» **PROBLEM DESCRIPTION**
In the entries below, repeat only the lines between those holding "即時推送功能,追蹤財經高手第" and "L’ufficio si trova", inclusive. Leave pictures out.

» **SOURCE RECORDS**
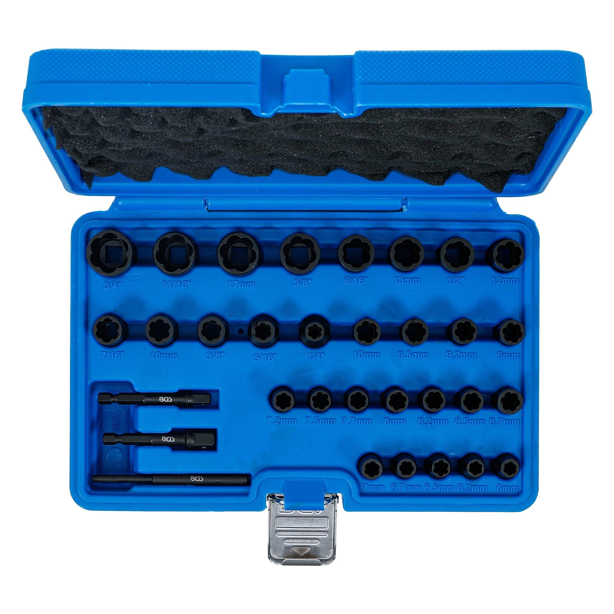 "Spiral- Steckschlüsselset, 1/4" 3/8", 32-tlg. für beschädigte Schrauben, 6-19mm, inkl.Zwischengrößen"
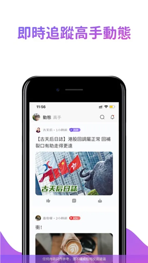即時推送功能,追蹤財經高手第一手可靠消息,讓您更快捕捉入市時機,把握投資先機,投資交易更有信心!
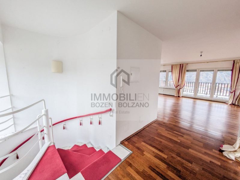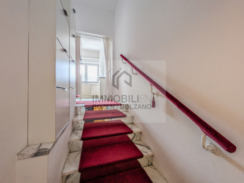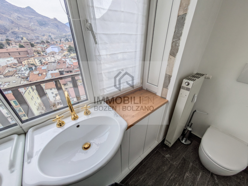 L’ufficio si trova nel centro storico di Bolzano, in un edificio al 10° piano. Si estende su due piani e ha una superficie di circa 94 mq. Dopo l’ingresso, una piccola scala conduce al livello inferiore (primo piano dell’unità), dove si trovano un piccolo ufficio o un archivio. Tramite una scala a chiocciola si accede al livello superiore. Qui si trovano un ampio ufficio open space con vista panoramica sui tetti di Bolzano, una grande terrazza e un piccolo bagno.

* * *

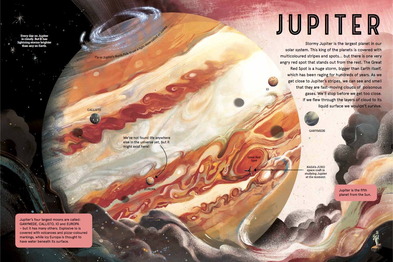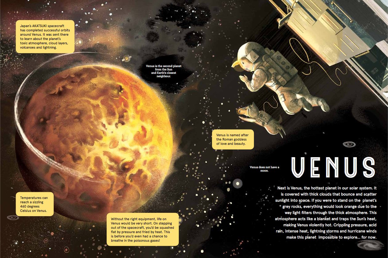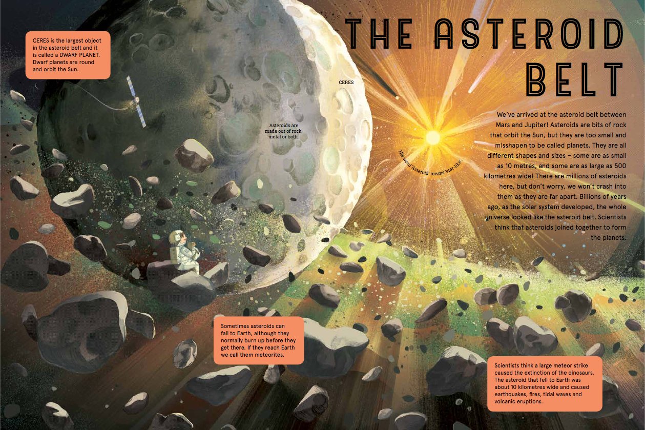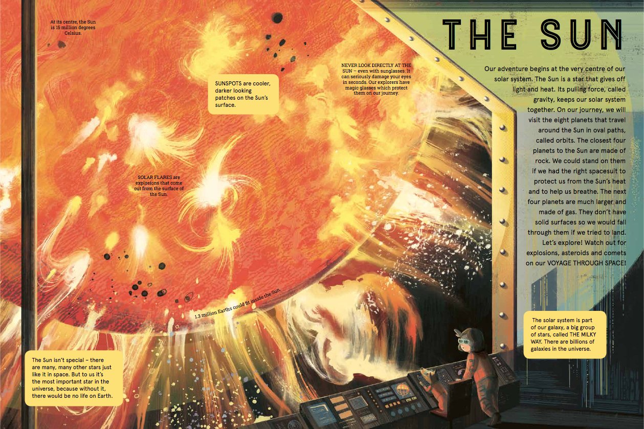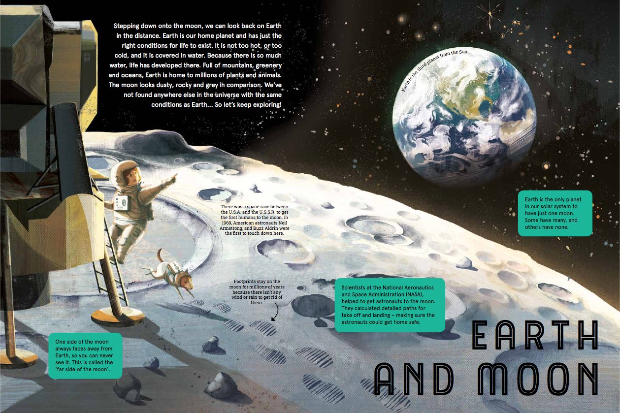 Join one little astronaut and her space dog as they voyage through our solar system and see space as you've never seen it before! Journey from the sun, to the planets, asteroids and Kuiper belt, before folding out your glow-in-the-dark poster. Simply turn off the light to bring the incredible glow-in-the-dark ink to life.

» **RESULT FOR THIS TASK**
即時推送功能,追蹤財經高手第一手可靠消息,讓您更快捕捉入市時機,把握投資先機,投資交易更有信心!
 L’ufficio si trova nel centro storico di Bolzano, in un edificio al 10° piano. Si estende su due piani e ha una superficie di circa 94 mq. Dopo l’ingresso, una piccola scala conduce al livello inferiore (primo piano dell’unità), dove si trovano un piccolo ufficio o un archivio. Tramite una scala a chiocciola si accede al livello superiore. Qui si trovano un ampio ufficio open space con vista panoramica sui tetti di Bolzano, una grande terrazza e un piccolo bagno.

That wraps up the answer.